### [Problem statement]
Leaving out every picture, copy the lines of the material below exactly, from the line containing "Shoe shown: New Balance 880v9 in Girls" through the line containing "Example 3-3: Brahms, Piano".

### [Source material]
'''

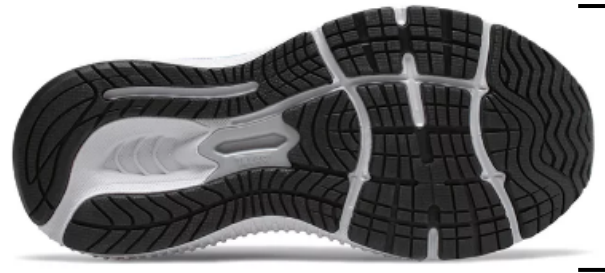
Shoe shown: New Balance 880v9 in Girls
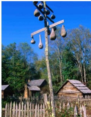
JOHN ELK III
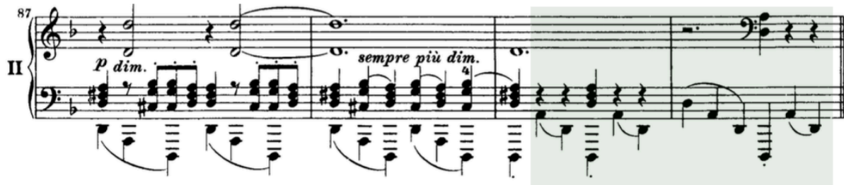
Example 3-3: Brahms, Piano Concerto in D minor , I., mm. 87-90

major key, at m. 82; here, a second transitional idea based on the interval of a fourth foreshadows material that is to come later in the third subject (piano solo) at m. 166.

'''
'''

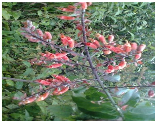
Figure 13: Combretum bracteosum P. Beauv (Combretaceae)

'''

### [Exercise answer]
Shoe shown: New Balance 880v9 in Girls
JOHN ELK III
Example 3-3: Brahms, Piano Concerto in D minor , I., mm. 87-90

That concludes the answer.